I think your adorable pup has the looks and personality of a "Casey". Maggie would have been Casey or Chico if she'd been a boy. Or maybe Bailey or Desi? LOL It is hard selecting names that "fit". I've had to come up with names for 3 human boys, 2 male puppies, and 4 male kittens in my lifetime. Finally, a girl! Her name came to me in an instant.....named after my friend's big black lab. No matter that our pup is little and cream colored......they're both sooooo lovable.


----------



## LouAnn (Dec 28, 2011)

I forgot to add that if you use Google, try a search for unusual dog names, cuban dog names, Havanese dog names......etc. etc. Maybe you'll find something that strikes your fancy. Good luck!


----------



## morriscsps (Aug 17, 2010)

Scooby, huh? My kids love Scooby. We have all the movies. What about the rest of the gang? Shaggy and Freddie?

Bobby, Jimmy, Joey, Tommy, Geordi, Ricky

Blackie, Smokey, Gordy, Buddy


----------



## Missy (Nov 6, 2006)

He looks like a Buddy to me.


----------



## nlb (Feb 26, 2012)

How about Oreo, or orie for short? I like food names.


----------



## Charleysmom (Dec 6, 2011)

morriscsps said:


> Scooby, huh? My kids love Scooby. We have all the movies. What about the rest of the gang? Shaggy and Freddie?
> 
> Bobby, Jimmy, Joey, Tommy, Geordi, Ricky
> 
> Blackie, Smokey, Gordy, Buddy


I also like the name buddy. He is my little buddy after all.


----------



## Charleysmom (Dec 6, 2011)

LouAnn said:


> I think your adorable pup has the looks and personality of a "Casey". Maggie would have been Casey or Chico if she'd been a boy. Or maybe Bailey or Desi? LOL It is hard selecting names that "fit". I've had to come up with names for 3 human boys, 2 male puppies, and 4 male kittens in my lifetime. Finally, a girl! Her name came to me in an instant.....named after my friend's big black lab. No matter that our pup is little and cream colored......they're both sooooo lovable.


Casey is a really nice name. My neighbor's dog was a Casey although they're okay if I use it.


----------



## TilliesMom (Sep 30, 2010)

oh my goodness, I love the name Shaggy!! awesome! LOL


----------



## Grindstone50 (Feb 13, 2012)

Piper? Journey? Clayton? Bingo? Dancer? Pepsi? Beau? Lucky? Happy? Jasper? Runner?

Mickey? Pepper? Peppy? Pip?


----------



## morriscsps (Aug 17, 2010)

Yeti? or rather Mini-Yeti?

Loki? The Norse Trickster God.

Digby? Huckleberry, Blackberry, Mugsy,


----------



## Rita Nelson (Jul 13, 2009)

loriabigail said:


> I also like the name buddy. He is my little buddy after all.
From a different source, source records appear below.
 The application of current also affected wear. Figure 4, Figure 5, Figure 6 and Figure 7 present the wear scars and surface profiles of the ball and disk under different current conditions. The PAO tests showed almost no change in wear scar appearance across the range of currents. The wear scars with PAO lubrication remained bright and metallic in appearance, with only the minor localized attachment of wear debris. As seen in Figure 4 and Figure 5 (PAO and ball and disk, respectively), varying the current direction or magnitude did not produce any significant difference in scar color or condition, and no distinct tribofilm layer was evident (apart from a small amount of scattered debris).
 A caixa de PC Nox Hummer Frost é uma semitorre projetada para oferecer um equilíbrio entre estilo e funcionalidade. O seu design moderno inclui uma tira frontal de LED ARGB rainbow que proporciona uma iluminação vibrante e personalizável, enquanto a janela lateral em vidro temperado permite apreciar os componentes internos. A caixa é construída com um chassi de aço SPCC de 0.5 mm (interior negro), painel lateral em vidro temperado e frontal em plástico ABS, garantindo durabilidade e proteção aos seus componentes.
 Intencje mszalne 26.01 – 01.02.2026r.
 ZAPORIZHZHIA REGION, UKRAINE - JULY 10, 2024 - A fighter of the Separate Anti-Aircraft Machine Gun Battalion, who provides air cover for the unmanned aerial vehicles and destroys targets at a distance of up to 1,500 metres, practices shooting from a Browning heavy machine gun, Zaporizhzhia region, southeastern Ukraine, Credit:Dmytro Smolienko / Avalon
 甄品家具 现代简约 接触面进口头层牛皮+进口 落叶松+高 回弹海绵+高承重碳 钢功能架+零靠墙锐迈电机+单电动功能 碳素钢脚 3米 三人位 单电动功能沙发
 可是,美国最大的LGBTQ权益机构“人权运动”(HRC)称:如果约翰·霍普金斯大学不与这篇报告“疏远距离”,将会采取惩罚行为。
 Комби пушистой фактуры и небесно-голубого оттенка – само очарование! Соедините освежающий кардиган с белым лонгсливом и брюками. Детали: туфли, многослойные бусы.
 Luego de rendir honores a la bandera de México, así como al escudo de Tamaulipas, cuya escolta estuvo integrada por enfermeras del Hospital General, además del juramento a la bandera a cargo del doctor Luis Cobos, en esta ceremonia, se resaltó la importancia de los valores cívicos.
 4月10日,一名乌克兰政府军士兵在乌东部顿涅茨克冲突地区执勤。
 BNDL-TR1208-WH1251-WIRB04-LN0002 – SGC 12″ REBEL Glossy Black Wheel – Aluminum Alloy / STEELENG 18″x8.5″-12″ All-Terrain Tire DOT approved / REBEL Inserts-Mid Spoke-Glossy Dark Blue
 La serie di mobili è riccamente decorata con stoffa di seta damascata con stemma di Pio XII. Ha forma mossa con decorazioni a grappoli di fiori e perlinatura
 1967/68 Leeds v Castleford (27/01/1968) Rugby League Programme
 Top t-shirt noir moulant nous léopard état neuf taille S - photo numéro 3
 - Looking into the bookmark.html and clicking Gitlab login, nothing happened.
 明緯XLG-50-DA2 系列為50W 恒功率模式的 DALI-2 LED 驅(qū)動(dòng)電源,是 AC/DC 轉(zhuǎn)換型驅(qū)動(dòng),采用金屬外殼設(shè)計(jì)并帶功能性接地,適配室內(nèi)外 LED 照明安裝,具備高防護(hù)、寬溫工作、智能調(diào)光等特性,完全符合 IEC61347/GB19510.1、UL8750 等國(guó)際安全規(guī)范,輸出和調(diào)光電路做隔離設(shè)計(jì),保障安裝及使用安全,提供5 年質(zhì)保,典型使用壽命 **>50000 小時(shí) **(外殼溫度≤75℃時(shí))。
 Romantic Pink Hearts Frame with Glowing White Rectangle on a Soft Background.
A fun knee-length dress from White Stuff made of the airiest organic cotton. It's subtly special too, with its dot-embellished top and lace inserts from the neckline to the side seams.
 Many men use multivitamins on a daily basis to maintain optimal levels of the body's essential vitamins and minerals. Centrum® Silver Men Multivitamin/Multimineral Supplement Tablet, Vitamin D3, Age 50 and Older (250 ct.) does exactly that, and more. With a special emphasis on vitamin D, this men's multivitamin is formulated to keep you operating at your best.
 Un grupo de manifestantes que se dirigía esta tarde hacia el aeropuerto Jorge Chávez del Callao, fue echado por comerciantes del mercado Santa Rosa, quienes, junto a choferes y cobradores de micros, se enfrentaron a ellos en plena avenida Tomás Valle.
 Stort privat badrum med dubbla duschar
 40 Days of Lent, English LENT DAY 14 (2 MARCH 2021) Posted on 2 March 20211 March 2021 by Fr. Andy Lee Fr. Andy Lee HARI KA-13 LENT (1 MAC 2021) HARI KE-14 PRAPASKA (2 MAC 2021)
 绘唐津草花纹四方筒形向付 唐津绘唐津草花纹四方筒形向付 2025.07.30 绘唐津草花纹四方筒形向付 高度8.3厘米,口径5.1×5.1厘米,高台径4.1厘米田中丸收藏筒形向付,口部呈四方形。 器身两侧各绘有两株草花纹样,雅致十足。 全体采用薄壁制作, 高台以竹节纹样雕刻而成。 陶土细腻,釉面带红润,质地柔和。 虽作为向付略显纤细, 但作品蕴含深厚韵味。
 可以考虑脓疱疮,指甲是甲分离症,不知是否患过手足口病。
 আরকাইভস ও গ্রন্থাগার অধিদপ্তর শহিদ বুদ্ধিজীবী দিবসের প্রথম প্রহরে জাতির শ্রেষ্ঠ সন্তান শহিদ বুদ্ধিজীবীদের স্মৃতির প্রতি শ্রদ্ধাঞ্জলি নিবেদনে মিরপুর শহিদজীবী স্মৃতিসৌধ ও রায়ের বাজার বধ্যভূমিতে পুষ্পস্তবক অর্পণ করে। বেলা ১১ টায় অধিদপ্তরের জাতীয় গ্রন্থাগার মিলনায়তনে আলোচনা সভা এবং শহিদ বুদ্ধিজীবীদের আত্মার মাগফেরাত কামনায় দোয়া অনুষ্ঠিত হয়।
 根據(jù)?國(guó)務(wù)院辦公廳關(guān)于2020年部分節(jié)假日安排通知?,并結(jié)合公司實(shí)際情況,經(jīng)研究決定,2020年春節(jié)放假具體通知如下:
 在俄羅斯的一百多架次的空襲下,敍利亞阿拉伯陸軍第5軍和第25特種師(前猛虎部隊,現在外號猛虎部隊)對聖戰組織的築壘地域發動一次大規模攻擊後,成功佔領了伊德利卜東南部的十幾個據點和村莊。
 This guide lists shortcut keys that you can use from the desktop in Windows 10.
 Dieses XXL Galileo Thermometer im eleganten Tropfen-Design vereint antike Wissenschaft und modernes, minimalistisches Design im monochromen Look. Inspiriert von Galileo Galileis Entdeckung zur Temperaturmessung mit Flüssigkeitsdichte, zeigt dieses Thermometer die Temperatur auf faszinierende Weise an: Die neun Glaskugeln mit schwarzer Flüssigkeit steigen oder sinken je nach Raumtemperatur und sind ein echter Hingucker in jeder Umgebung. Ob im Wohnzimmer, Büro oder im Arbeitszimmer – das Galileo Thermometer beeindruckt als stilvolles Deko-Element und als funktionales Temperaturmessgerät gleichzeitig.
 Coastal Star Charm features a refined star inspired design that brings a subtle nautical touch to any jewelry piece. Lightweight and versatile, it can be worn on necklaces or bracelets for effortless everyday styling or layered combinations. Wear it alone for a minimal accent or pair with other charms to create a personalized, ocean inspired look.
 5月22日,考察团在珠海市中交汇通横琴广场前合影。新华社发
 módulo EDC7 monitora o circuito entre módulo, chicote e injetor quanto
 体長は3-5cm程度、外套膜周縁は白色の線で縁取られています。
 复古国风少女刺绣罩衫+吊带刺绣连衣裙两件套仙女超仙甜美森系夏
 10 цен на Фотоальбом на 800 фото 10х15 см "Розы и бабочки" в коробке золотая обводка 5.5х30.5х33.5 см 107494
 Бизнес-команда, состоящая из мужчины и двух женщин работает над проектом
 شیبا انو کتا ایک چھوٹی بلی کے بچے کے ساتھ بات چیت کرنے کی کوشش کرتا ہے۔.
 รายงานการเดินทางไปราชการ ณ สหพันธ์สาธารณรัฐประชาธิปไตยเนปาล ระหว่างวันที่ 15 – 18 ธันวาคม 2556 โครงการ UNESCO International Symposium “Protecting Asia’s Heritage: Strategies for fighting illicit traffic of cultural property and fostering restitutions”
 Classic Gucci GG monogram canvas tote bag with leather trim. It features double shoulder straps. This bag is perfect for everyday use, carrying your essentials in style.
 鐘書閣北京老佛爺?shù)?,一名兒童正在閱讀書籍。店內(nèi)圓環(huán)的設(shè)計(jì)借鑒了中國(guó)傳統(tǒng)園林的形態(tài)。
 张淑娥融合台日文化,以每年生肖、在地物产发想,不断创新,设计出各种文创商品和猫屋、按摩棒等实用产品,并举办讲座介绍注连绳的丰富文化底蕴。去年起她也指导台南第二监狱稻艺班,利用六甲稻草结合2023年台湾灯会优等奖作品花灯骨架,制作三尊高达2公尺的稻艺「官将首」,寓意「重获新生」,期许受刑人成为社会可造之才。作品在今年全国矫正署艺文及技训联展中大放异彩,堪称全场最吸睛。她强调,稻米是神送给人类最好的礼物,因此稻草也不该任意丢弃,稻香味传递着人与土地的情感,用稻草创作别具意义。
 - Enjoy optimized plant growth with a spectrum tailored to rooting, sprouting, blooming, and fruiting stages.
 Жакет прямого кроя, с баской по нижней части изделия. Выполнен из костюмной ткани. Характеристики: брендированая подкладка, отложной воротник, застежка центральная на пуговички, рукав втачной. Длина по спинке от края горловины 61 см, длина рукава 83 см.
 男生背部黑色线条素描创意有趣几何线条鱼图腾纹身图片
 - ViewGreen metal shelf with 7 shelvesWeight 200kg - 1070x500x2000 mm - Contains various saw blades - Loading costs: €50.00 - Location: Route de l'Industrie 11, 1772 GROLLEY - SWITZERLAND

Maybe that's the name for him then. I can't remember if there's another "Buddy" on the forum or not.


----------



## Beau's mom (Oct 6, 2011)

*I like Scooby , Dooby, Booby, Bobby, Harry, Marty, Peppy (or Pepe), Charley, Richie . . . and so many others. But, no matter what you name him, if you find yourself calling him Scooby, you might as well just name him Scooby -- or, Cooper "Scooby" your last name_!*


----------



## CarolWCamelo (Feb 15, 2012)

morriscsps said:


> Yeti? or rather Mini-Yeti?
> 
> Loki? The Norse Trickster God.
> 
> Digby? Huckleberry, Blackberry, Mugsy,


I LOVE your suggestions, Pam! But of course, it's not ME naming the dog! I really like Scooby, too!

Maybe if "Scooby" comes naturally, that would be the best name.

Sun, 1 Apr 2012 19:47:36 (PDT)


----------



## CarolWCamelo (Feb 15, 2012)

Rita Nelson said:


> Maybe that's the name for him then. I can't remember if there's another "Buddy" on the forum or not.


I still like Scooby. Trouble with names like Buddy is, so very many dogs are named that. Then when you go to call him, suppose there's another Buddy close by? (hehe - wrong dog?)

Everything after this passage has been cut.